Seasoned my new MES 40 and amnsp last night. Spent the morning trying to decide what to make my maiden smoke voyage with and Decided to make my first Fatty's.  Made cheese burger fatty's using pepper jack some rub and threw some polish and Hungarian sausage on as well.  Ran 225 for about 4 hours with hickory pellets in the amnsp until the fattys hit 164.  Everything turned out really tasty. I think I had a little to much air flow and went through my pellets a little faster than expected.  Ended up adding some cherry wood chips during the last hour.


----------



## philh (Apr 17, 2012)

Your fatties look great..

Super Yummy.. 
	

	
	
		
		



		
		
	


	





Great way to break in a smoker..

Phil

P.S. The sausage doesn't look bad either.. lol


----------



## veritas (Apr 17, 2012)

PhilH said:


> Your fatties look great..
> 
> Super Yummy..
> 
> ...




Thanks I figured the fatty would be hard to mess up and with a pound of bacon on each one I couldn't imagine it not tasting good.  Seemed like a good first run.


----------



## jp61 (Apr 17, 2012)




----------



## daveomak (Apr 18, 2012)

Veritas, morning....  Lookin' good....   I suppose you are already thinking about your next smoked goodness.... Lookin' at fatties makes me hungry...   Dave


----------



## smokinhusker (Apr 18, 2012)

Looks great!


----------



## veritas (Apr 18, 2012)

DaveOmak said:


> Veritas, morning....  Lookin' good....   I suppose you are already thinking about your next smoked goodness.... Lookin' at fatties makes me hungry...   Dave




Yup going to throw a pork loin or a chicken in next!


----------



## deuce (Apr 19, 2012)

Looks Awesome!! Nice Smoker, plenty of room for lots of great food!!


----------



## jrod62 (Apr 20, 2012)

Fatties looks great :drool


----------



## smokejunkie (Apr 26, 2012)

I was lucky enough to eat some of these fatties.
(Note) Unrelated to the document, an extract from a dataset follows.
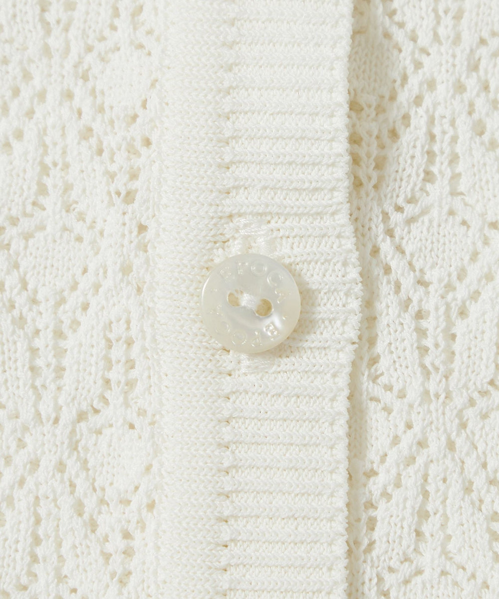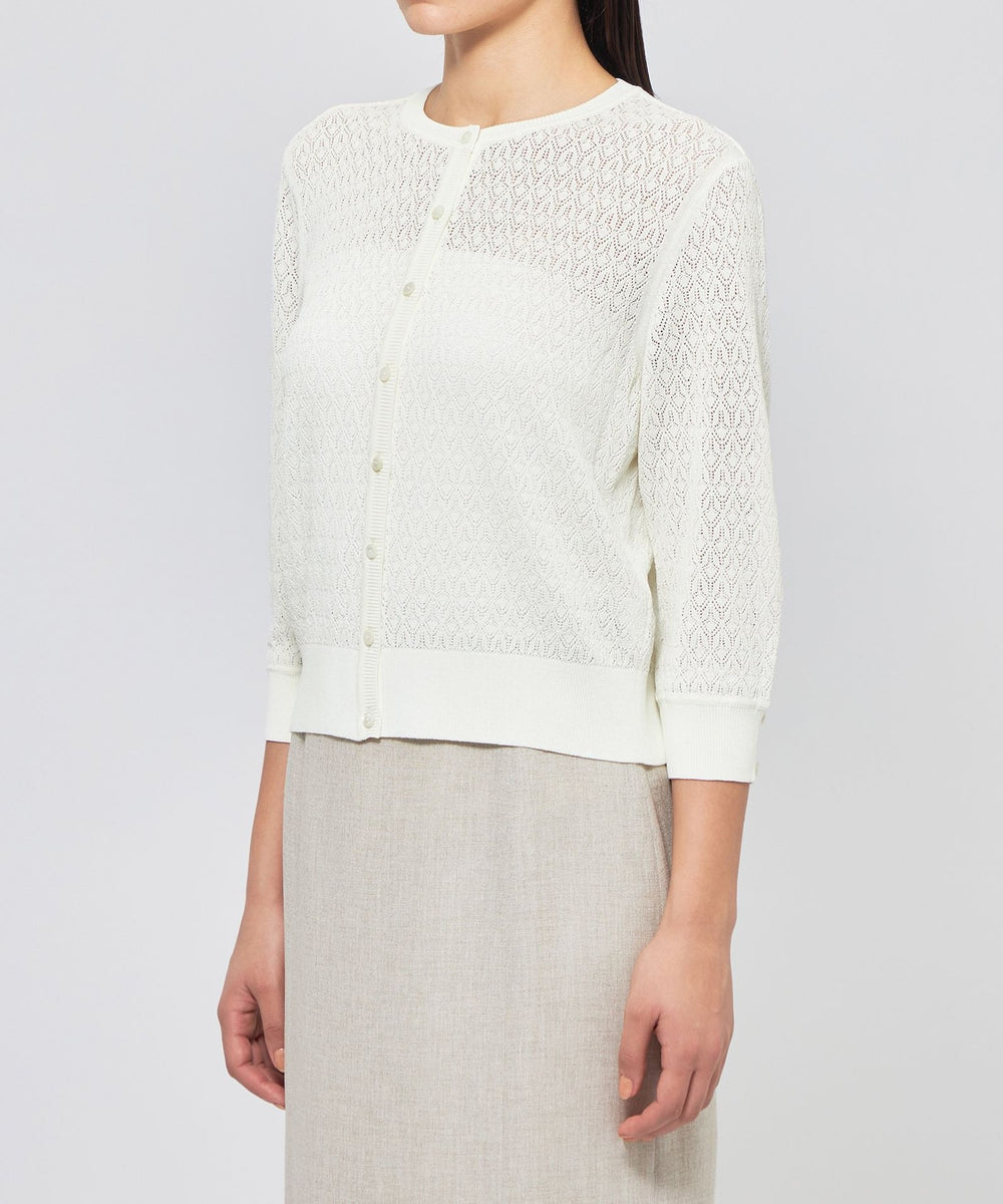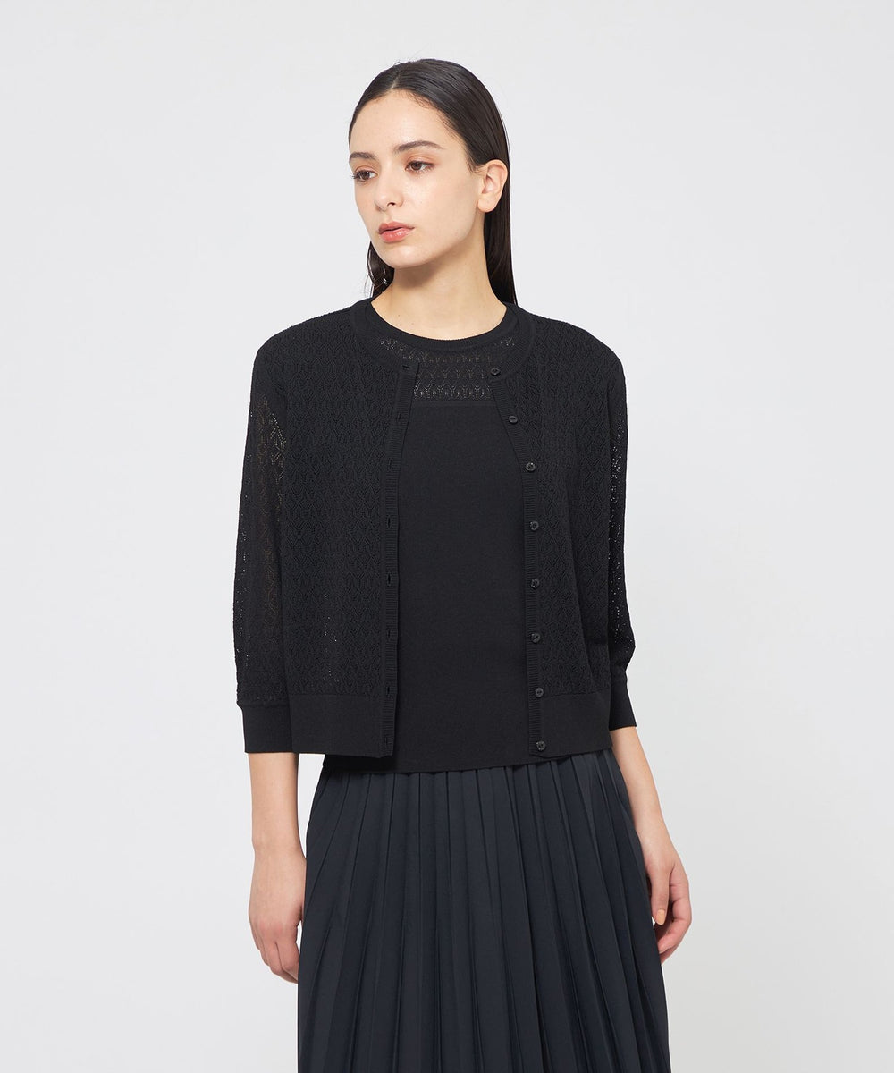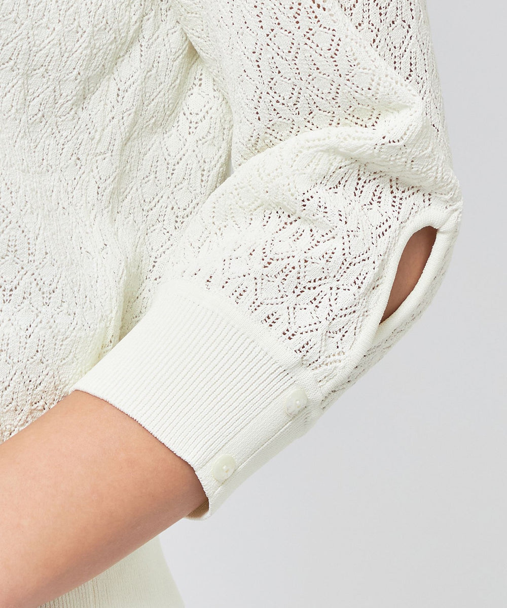 総レース柄のクロップド丈カーディガンです。編地の繊細な表情と、清涼感がポイントです。袖口のスリットもさりげないデザインポイントに。同素材のニットプルオーバー(品番:M5N40566)とアンサンブルでの着用もおすすめです。

They taste as good as they look!


----------



## scarbelly (Apr 26, 2012)

Looks like things turned out great


----------



## greenrn (Apr 28, 2012)

Did the bacon come out of the MES looking this. Rips?


----------



## veritas (Apr 28, 2012)

greenrn said:


> Did the bacon come out of the MES looking this. Rips?


Sorry im not sure what your asking.


----------



## billyj571 (Jul 14, 2012)

Awesome job on the sausages , fattys  look great too


----------